The study also confirms fears that the horses are growing perilously inbred. “There are wild herds with lower diversity, but not many,” said Gus Cothran, an expert in equine genetics at Texas A&M University who is lead author of the report. He says a herd of 60 could survive, provided a new mare entered the group every generation (about eight years). The federal bill sets a herd size at 110 to 130, the minimum number Dr. Cothran says could slow genetic erosion if the horses remain isolated.
“We are not asking for hundreds of horses,” said Karen McCalpin, director of the Corolla Wild Horse Fund, which protects and cares for the horses, and leads public education about them. The heart of the disagreement with wildlife conservationists is over how many horses the habitat can bear. “If they were that detrimental for the environment,” she asked, “wouldn’t that be evident by now?”
This question would be easier to answer if not for the matter of people. Other herds of Outer Banks horses live in expanses largely free of human intrusion. But the Corolla horses mostly live off people’s land and landscaping. Tourism promoters like to show horses frolicking in sand and surf, their manes blowing majestically, but these animals are just as likely to be spotted grazing alongside driveways.
Genetics aside, tourists pose the biggest threat to the herd, whether from collisions with distracted drivers, or from photo-seeking vacationers who flout local code that makes it a crime to feed or get within 50 feet of a horse. Last summer a 2-week-old colt died of an intestinal blockage after eating watermelon rinds fed to it by visitors.
As Corolla becomes more densely developed, the horses could be pushed more and more onto land set aside for wildlife sanctuaries. Last summer, out of concern for a species of bird called black rail, Mike Hoff, the refuge manager, fenced off a 135-acre swath of marshland after noting too many seasons of depleted grass. “It wasn’t that we wanted to exclude the horses because we don’t like them,” he said.
One of the few studies to examine the horses’ direct impact was published in 2004 in The Journal of Range Management. Researchers from East Carolina University reported that in general, plants on Corolla recovered from one season of grazing by early the following summer. But the data were gathered in 1997, when the horse population was estimated at 43, spread across 11,400 acres. Today, the range is almost 4,000 acres smaller and the herd size has more than tripled.

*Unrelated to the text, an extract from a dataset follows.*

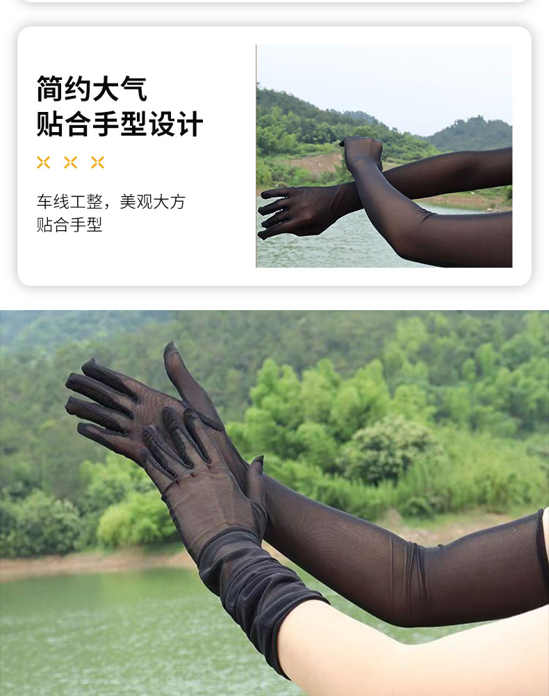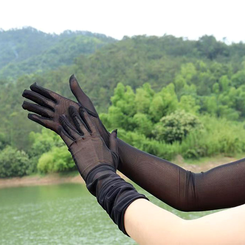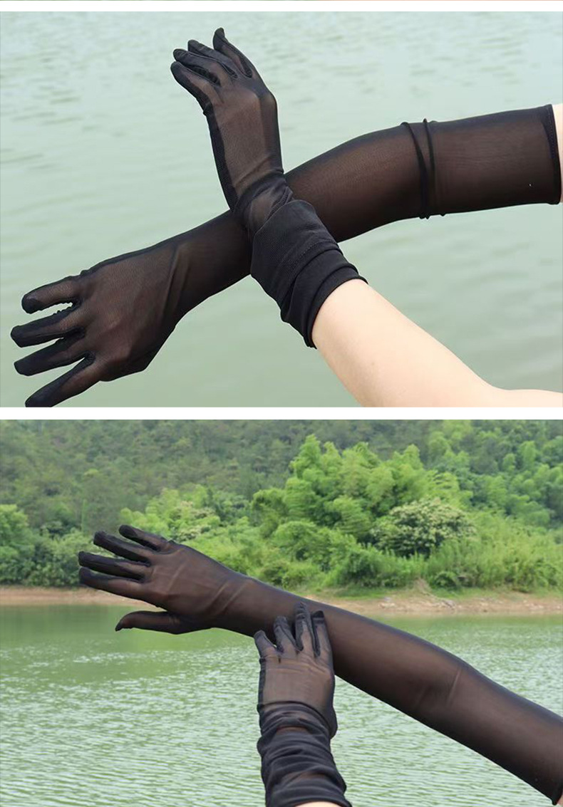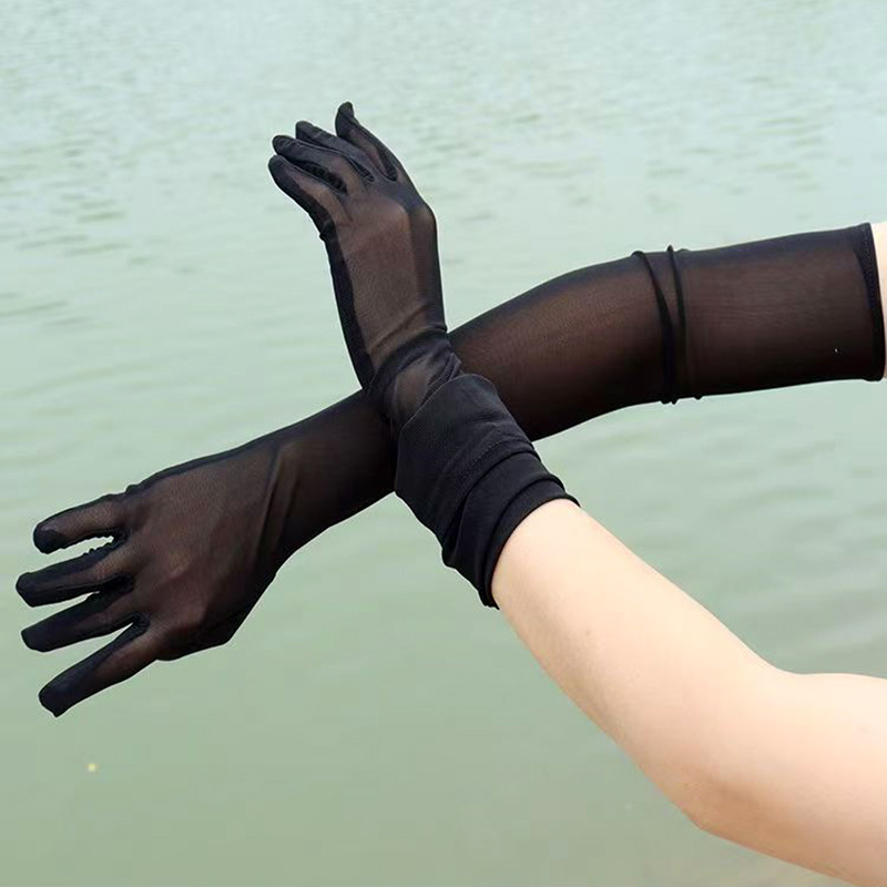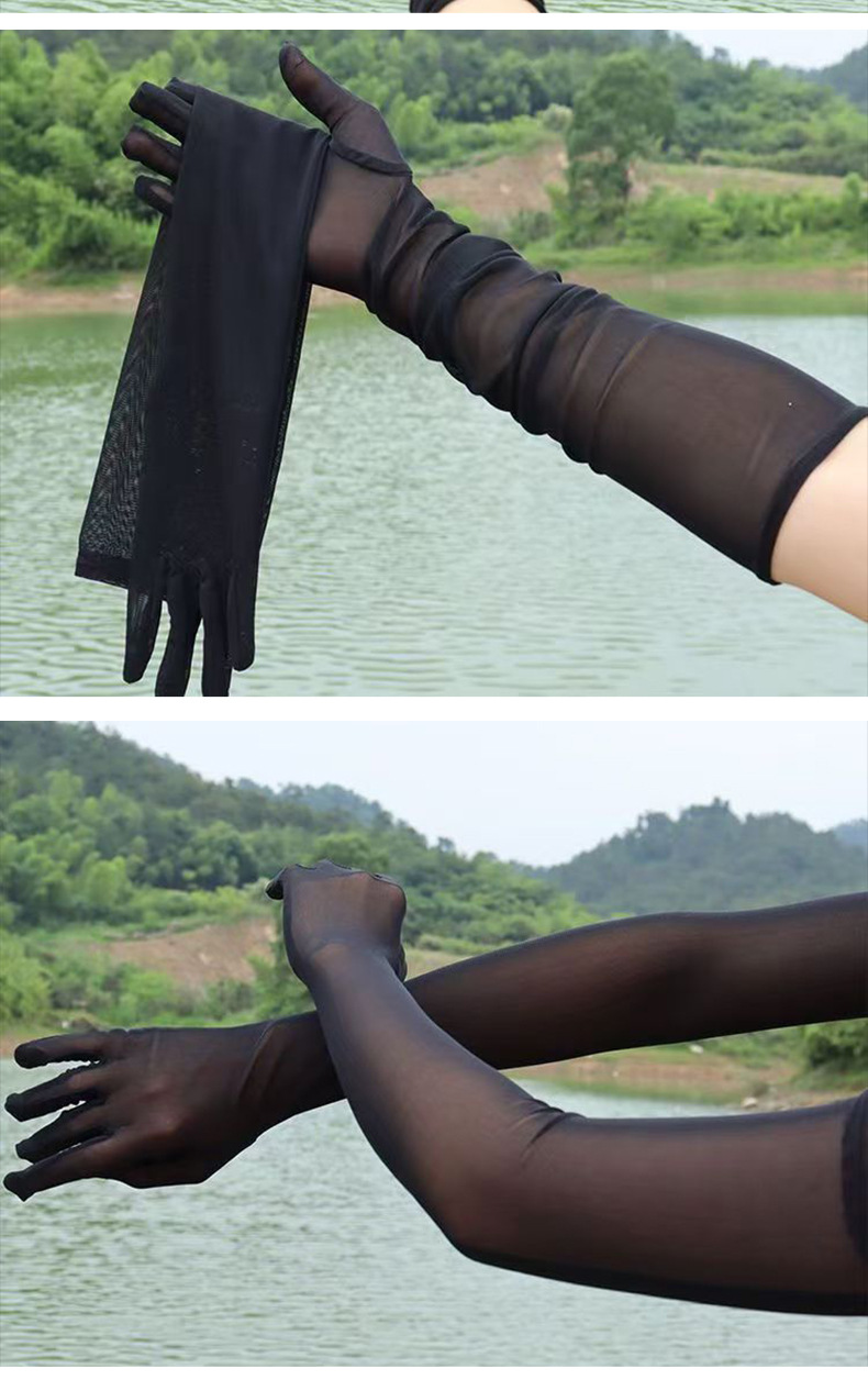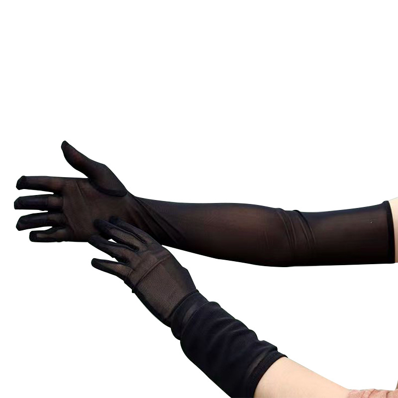 55厘米高弹薄款骑车特长防晒手套广场舞万圣节手套网纱性感弹力网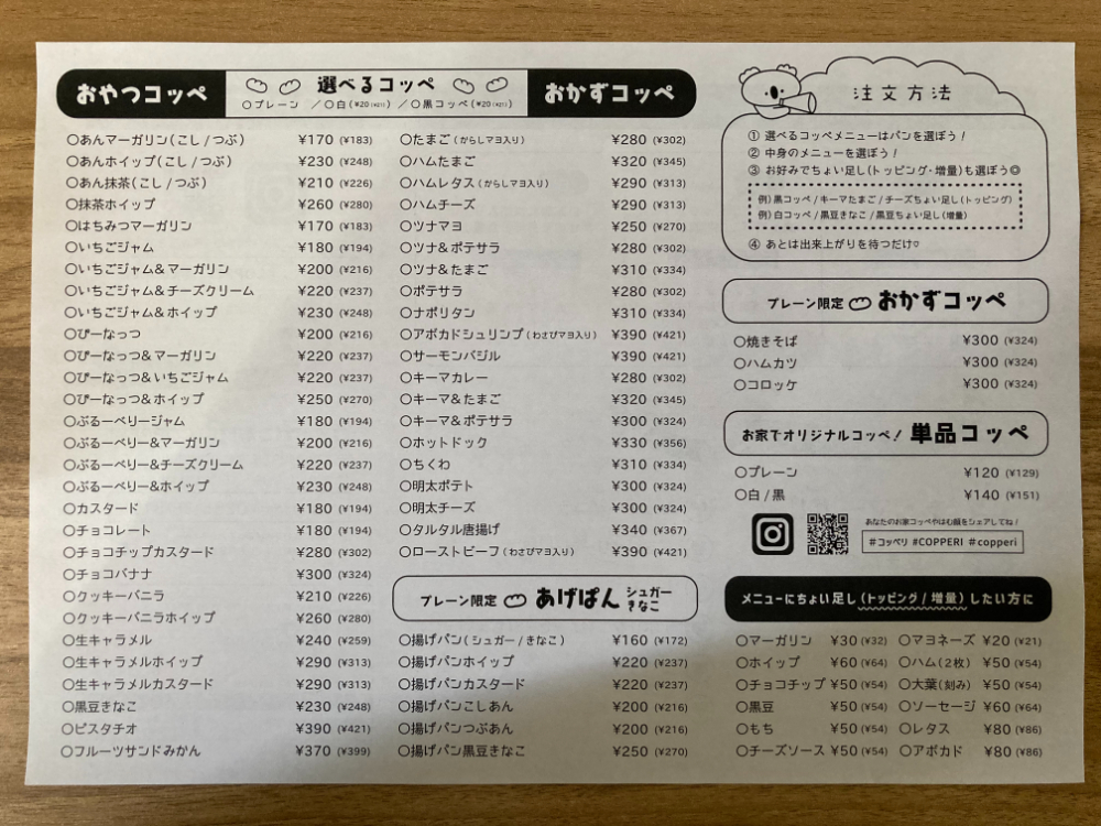 コッペパンにちなんだお店の名前がかわいらしいです。

The continuing study of feral animals, financed jointly by the federal Fish and Wildlife Service and North Carolina State University, is intended to measure the effect of hogs and deer in addition to horses. Teasing out the horses’ impact “is a difficult question,” said Chris DePerno, who is leading the research, but he added, “We think we’ve designed a very, very good study.”
In this case, politics and science may be operating on separate timetables. The Senate could take up the bill before Dr. DePerno’s study is complete. Ms. McCalpin lamented that the horses were already bearing hallmarks of genetic failure, with an occasional foal born astoundingly small, or with back knees that lock instead of hinge.
“Time is running out,” she said, adding: “They’ve been here for five centuries. It makes me sad to think they might not be here for more.”